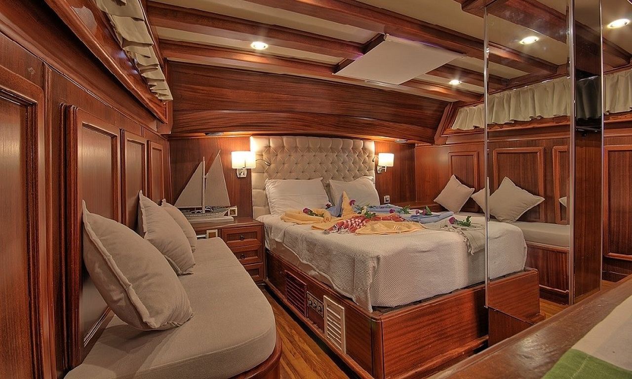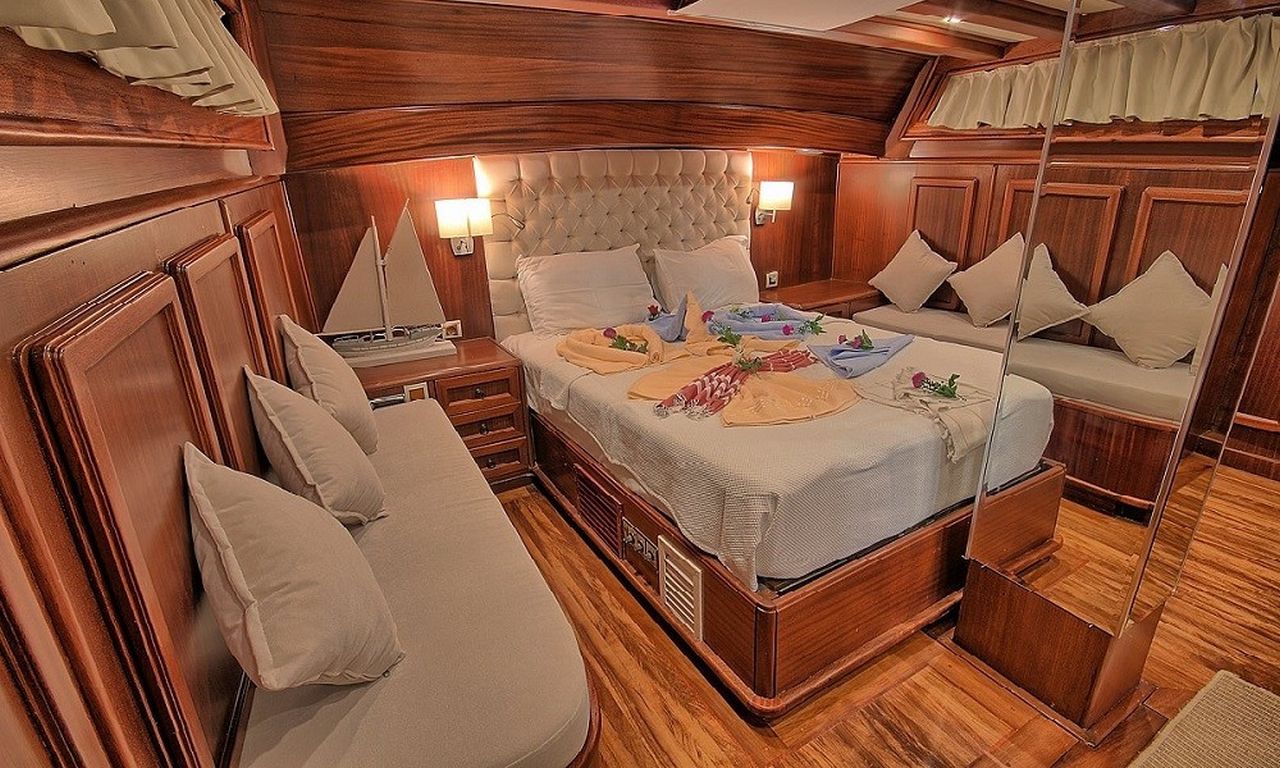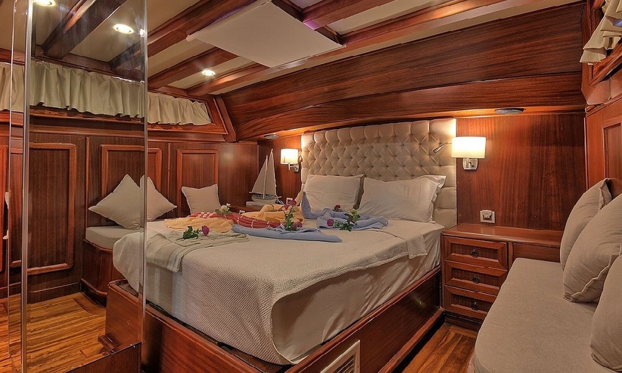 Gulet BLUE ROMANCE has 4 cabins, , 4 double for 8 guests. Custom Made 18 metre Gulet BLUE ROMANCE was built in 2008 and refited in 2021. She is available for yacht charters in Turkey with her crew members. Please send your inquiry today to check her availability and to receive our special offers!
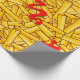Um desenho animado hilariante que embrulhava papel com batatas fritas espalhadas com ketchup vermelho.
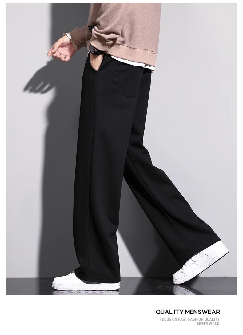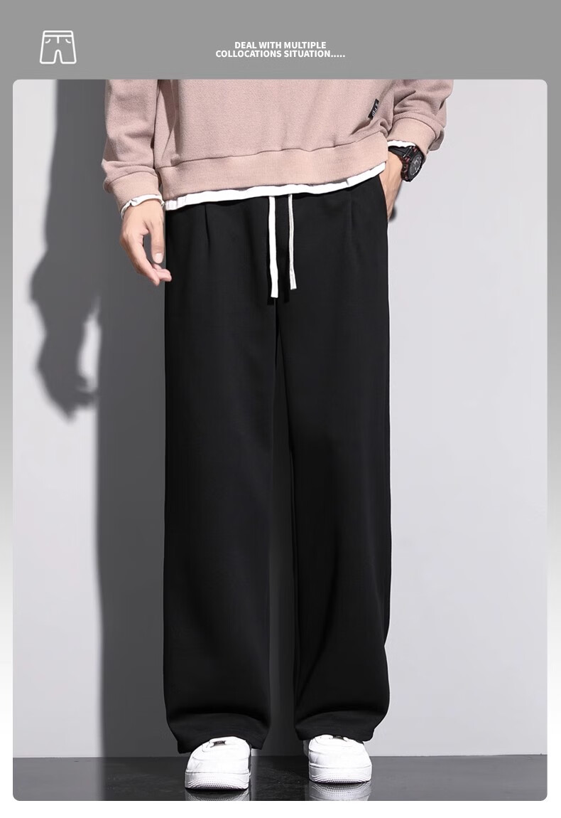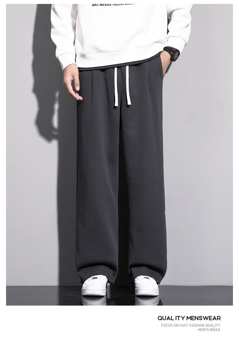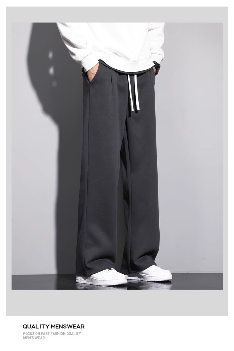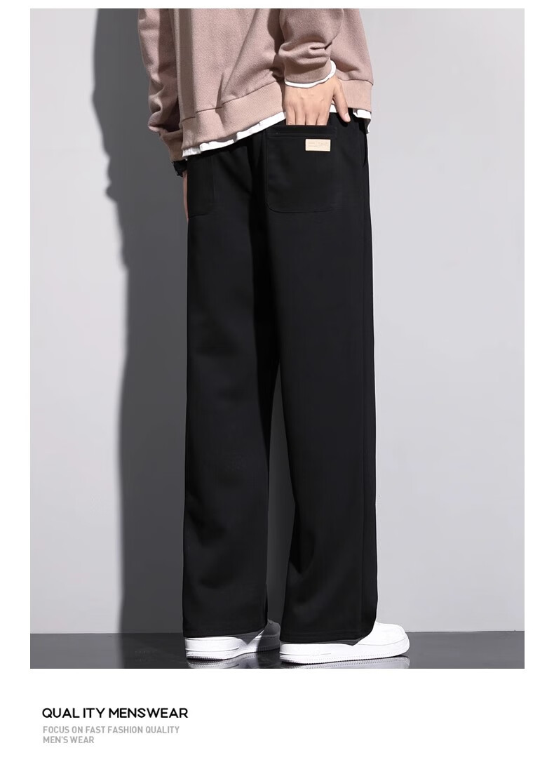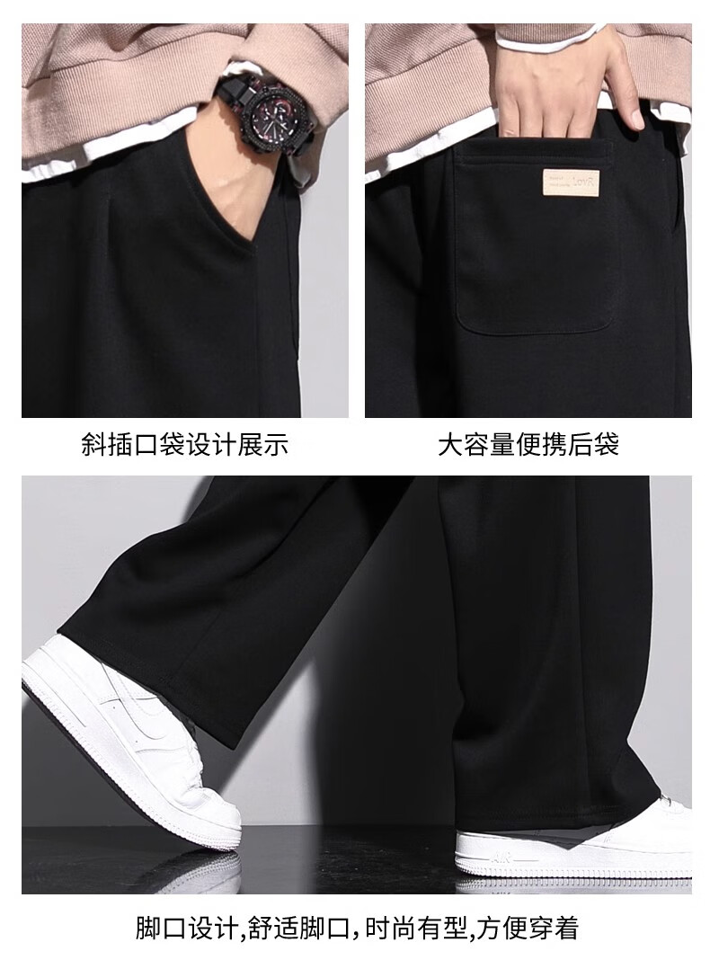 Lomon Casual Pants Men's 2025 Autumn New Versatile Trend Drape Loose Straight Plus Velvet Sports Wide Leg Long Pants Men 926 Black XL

* * *

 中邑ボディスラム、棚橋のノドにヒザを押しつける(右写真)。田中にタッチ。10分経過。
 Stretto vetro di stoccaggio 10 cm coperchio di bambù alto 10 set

---

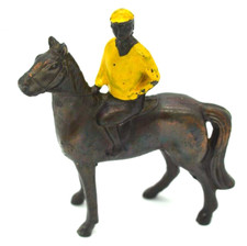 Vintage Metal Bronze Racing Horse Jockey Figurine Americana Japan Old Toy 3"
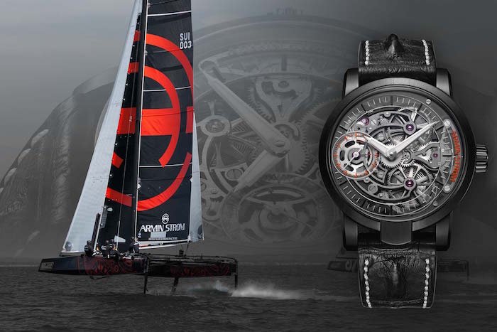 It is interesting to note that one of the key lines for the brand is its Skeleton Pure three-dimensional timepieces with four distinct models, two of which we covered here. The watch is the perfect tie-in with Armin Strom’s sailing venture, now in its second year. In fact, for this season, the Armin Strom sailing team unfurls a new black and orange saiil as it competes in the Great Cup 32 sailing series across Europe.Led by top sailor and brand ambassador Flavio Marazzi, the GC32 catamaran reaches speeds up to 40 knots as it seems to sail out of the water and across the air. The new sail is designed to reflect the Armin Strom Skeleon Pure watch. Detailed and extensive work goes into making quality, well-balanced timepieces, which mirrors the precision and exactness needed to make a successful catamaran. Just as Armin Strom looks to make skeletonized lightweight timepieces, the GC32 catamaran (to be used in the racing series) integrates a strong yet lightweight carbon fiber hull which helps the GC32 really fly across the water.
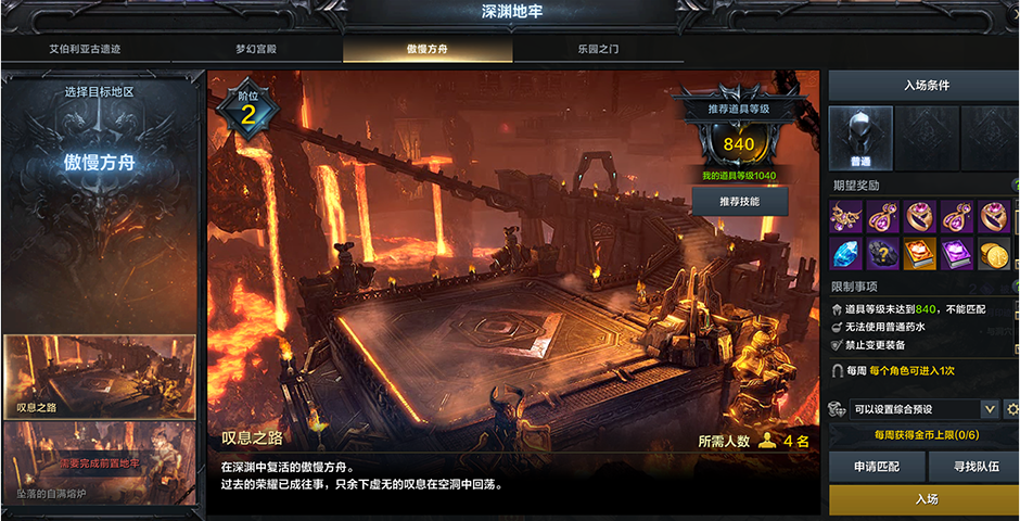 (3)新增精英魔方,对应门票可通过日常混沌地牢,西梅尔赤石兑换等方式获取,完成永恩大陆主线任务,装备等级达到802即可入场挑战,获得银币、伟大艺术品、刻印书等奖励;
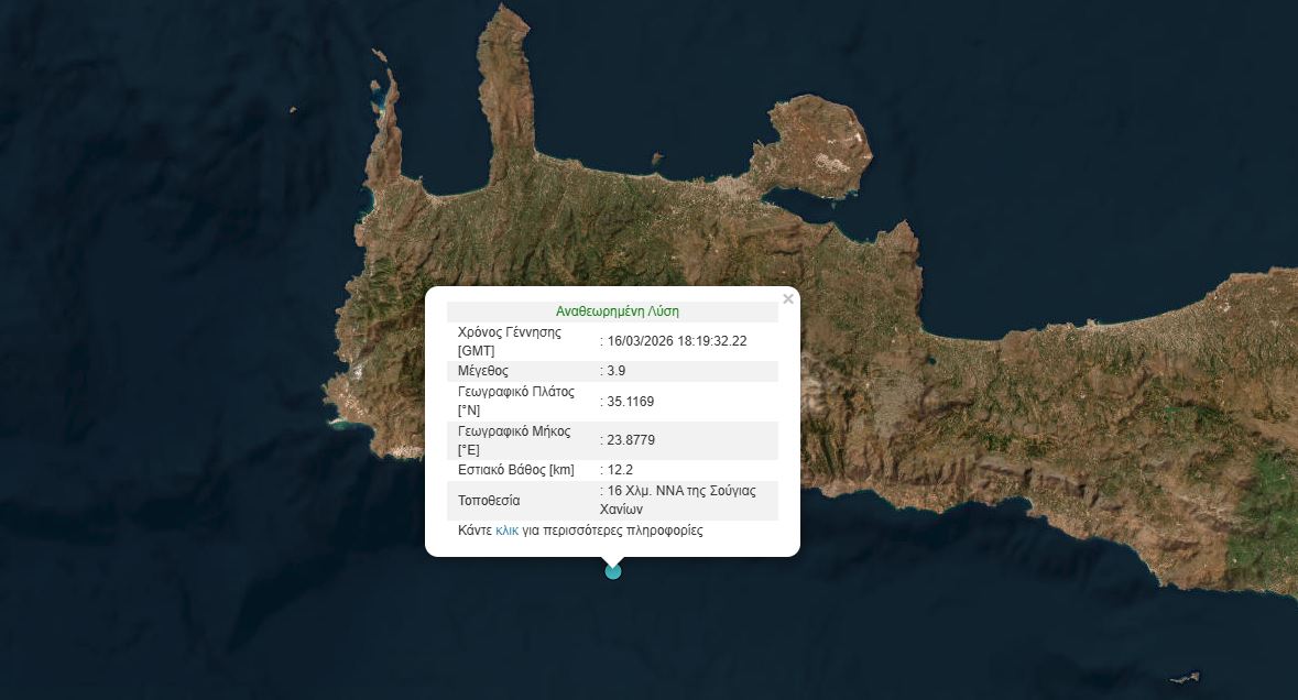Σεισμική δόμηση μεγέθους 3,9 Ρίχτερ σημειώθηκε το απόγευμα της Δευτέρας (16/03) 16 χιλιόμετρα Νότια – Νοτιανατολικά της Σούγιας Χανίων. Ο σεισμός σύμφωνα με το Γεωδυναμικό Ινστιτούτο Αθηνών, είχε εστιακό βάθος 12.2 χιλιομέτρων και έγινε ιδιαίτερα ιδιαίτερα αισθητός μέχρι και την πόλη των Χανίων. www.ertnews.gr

● Aim of the exercise
Print exactly, with no pictures, the lines above from the one that holds "Gulet BLUE ROMANCE has" through the one that holds "Lomon Casual Pants", both of them included.

● Output of the exercise
 Gulet BLUE ROMANCE has 4 cabins, , 4 double for 8 guests. Custom Made 18 metre Gulet BLUE ROMANCE was built in 2008 and refited in 2021. She is available for yacht charters in Turkey with her crew members. Please send your inquiry today to check her availability and to receive our special offers!
Um desenho animado hilariante que embrulhava papel com batatas fritas espalhadas com ketchup vermelho.
 Lomon Casual Pants Men's 2025 Autumn New Versatile Trend Drape Loose Straight Plus Velvet Sports Wide Leg Long Pants Men 926 Black XL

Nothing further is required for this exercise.